Graham Martin, Global Head of the Portfolio Solutions Group and corporate finance partner at KPMG, commented: “A confluence of factors has restricted the much anticipated flow of transactions in the loan portfolio market. Perhaps the most powerful factor in delaying much-needed deleveraging by European banks has been the European Central Bank’s (ECB) injection of more than EUR1 trillion of long-term refinancing operations (LTROs) in December 2011 and February 2012. The International Monetary Fund says that European banks need to shrink their balance sheets by US$2.6 trillion, 75 percent of which is likely to come from asset sales. However the ECB’s three-year money has largely been used by banks to strengthen their balance sheets through profitable carry trades, reducing the pressure on them to sell non-core assets at non desirous prices.”
Nick Colman, Director in the Portfolio Solutions Group at KPMG in Germany added: “There is a general view that cheap ECB money has reduced the urgency of asset sales in the short term. In terms of which types of loans are being affected, we are seeing delays in disposals of very large portfolios of long dated residential mortgages and project finance loans which are not necessarily heavily loss-making for the banks. However, we are still seeing a lot of activity in stressed and non-performing portfolios which are expensive from a capital perspective, such as commercial real estate, where value leakage for the bank is a key concern.”

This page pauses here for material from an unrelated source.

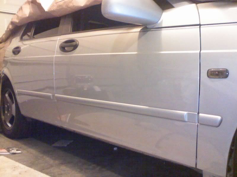 You can buy the side mouldings painted for 06+ models from places such as thesaabsite. Unfortunately the newer models do not have front or rear bumper mouldings, so you have to do that yourself. You can also buy the painted door handles for 06+ models and swap them, at least according to the parts guy at my local dealer. I have only been able to find one part number that correlates between both sets of model years, so I'm not 100% on whether it is possible or not as there are 3 different part numbers for door handles.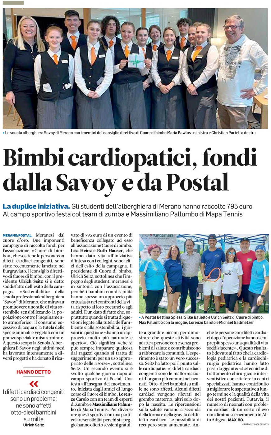 Bimbi cardiopatici, fondi dalla Savoy e da Postal

The research also surveyed buyers and sellers in the global debt sales market on their planned activity over the next year: 56 percent expect consumer non-performing loans to be the most actively traded debt class over the next 12 months. Jonathan Hunt, Associate Director in the Portfolio Solutions Group at KPMG, added: “Banks selling much larger, multi-billion Euro consumer non-performing loan portfolios packaged with servicing platforms and sweetened with forward flow contracts will become increasingly common. While consumer debt has traditionally been the easiest asset to sell, banks are increasingly seeking to sell different asset classes. In the UK and Europe for example, over the past six months many vendors have focused on the disposal of commercial real estate, leveraged and residential mortgage loans through both clean and structured trades. Further, increasingly more challenging and longer dated assets, such as infrastructure finance, shipping and transport loans are also coming to market.”
KPMG’s report found seven key factors driving the global debt sales market:
- LTROs - Cheap ECB money has strengthened banks’ balance sheets in the short to medium term, allowing some to delay asset sales and prolong restructuring negotiations.
- Price expectations - For varying reasons, a bid-ask spread remains in most markets and across most asset classes, however these spreads are narrowing.
- Leverage - Third party banks are increasingly willing to provide funding to buyers, often through financing packages, though vendor finance remains the exception rather than the rule.
- New entrants - A number of new players have entered the debt purchasing markets, most notably key US funds and banks seeking acquisition opportunities in Europe, particularly in the CRE and consumer NPL space.
- Tenor, yield and credit quality - alongside the availability of funding, are driving interest and pricing for performing loan portfolio sales, which has led to longer term investors such as pension funds and insurers becoming buyers of bank loans.
- Basel III - In order to improve capital ratios and rightsize their balance sheets, European banks could shrink their balance sheets by USD2.6 trillion through to the end of 2013, which is likely to be a key driver of deleveraging.
- Over EUR1.5 trillion of NPLs sitting on European banks balance sheets with over EUR600 billion in the UK, Spain and Ireland alone.
Note to Editors:
KPMG is a global network of professional firms providing Audit, Tax and Advisory services. We operate in 152 countries and have 145,000 people working in member firms around the world. The independent member firms of the KPMG network are affiliated with KPMG International Cooperative (“KPMG International”), a Swiss entity. Each KPMG firm is a legally distinct and separate entity and describes itself as such.
KPMG International performs no professional services for clients nor, concomitantly, generates any revenue.
Global Debt Sales is a series of publications in which KPMG’s Portfolio Solutions Group examines recent debt portfolio activity in a number of key banking markets across Europe, the Americas and Asia Pacific. The series seeks to cover all types of debt sales, including performing and non-performing loans, and offers high-level insights into trends and new opportunities.
With extensive experience of assisting both sellers and purchasers, KPMG firms’ professionals have worked on many non-core (primarily performing) and non-performing loans and receivable sale disposal mandates around the world.
The Portfolio Solutions Group works with a range of sellers to conduct analysis, options review and potential sales of debt portfolios, and assists purchasers in sourcing portfolios, undertaking due diligence, valuation and the structuring of debt portfolio acquisitions.